2. If my office is to best assist HM Prison and Probation Service (HMPPS) in ensuring
the standard of care received by those within service remit is appropriate, our
recommendations should be focused, evidenced and viable. This is especially the
case if there is evidence of systemic failure.
3. Since 6 September 2021, the PPO has investigated post-release deaths that occur
within 14 days of a prisoner’s release.
4. Mr Jamie Andrews died from heart disease caused by a narrowing of the coronary
arteries on 4 December 2022, following his release from HMP Bristol three days
earlier. He was 49 years old. He also had combined heroin, cocaine, methadone,
nordiazepam and pregabalin toxicity which contributed to but did not cause his
death. We offer our condolences to his family and friends.

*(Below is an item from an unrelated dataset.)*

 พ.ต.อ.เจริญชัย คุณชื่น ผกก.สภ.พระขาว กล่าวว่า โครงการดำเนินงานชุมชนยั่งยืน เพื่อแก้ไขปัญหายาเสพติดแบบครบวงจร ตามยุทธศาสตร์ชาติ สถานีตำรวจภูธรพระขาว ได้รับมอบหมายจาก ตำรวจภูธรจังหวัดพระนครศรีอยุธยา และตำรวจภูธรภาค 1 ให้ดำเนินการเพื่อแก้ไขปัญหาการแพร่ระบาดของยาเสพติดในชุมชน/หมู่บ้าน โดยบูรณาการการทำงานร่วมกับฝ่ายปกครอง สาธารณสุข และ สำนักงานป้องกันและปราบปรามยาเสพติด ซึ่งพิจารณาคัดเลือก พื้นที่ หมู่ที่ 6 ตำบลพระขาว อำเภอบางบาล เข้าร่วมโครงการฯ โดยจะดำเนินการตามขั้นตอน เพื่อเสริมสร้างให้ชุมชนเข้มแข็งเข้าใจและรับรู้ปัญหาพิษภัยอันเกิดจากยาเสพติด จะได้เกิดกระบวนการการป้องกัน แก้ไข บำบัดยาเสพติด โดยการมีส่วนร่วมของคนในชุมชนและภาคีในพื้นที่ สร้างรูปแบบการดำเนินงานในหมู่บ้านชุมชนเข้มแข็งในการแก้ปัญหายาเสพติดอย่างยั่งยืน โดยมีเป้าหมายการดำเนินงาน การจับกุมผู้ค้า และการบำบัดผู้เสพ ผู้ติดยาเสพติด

5. On 21 November 2022, Mr Andrews was sentenced to three weeks in prison for
theft and was sent to HMP Bristol. That same day he was remanded to Bristol for
further offences. Mr Andrews was withdrawing from alcohol and drugs. He had a
community methadone prescription and was homeless. His sentence ended on 1
December.
6. Mr Andrews’ community offender manager completed a duty to refer (DTR) to
Reading Borough Council. (The Homelessness Reduction Act 2017 requires
prisons and probation services to refer anyone who is homeless or at risk of
becoming homeless within 56 days to a local housing authority.)
7. A healthcare administrator arranged an appointment for Mr Andrews post-release at
a community drug and alcohol team in Reading.

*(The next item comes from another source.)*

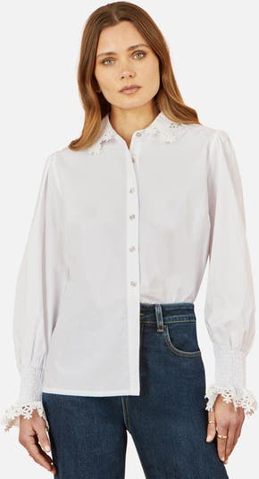 Level up your core wardrobe with this classic shirt. The button down design is an essential fit, with a beautiful collar and lace trims at the cuffs. Wear with denim for a smart casual vibe that will pass any fit check.

8. On 1 December, Mr Andrews was released on licence from HMP Bristol. Prison
staff did not realise that when he was sentenced Mr Andrews was also remanded to
prison and therefore, he was released from Bristol in error. He did not attend the
planned appointment with his community offender manager in Reading, but he did
go to his appointment with the community drug and alcohol team.
9. At 00.25am on 4 December, ambulance paramedics in Reading found Mr Andrews
slumped over a parked car holding onto a bicycle. Mr Andrews was not breathing.
The paramedics started cardiopulmonary resuscitation (CPR). At 1.00am, the
paramedics confirmed that Mr Andrews had died.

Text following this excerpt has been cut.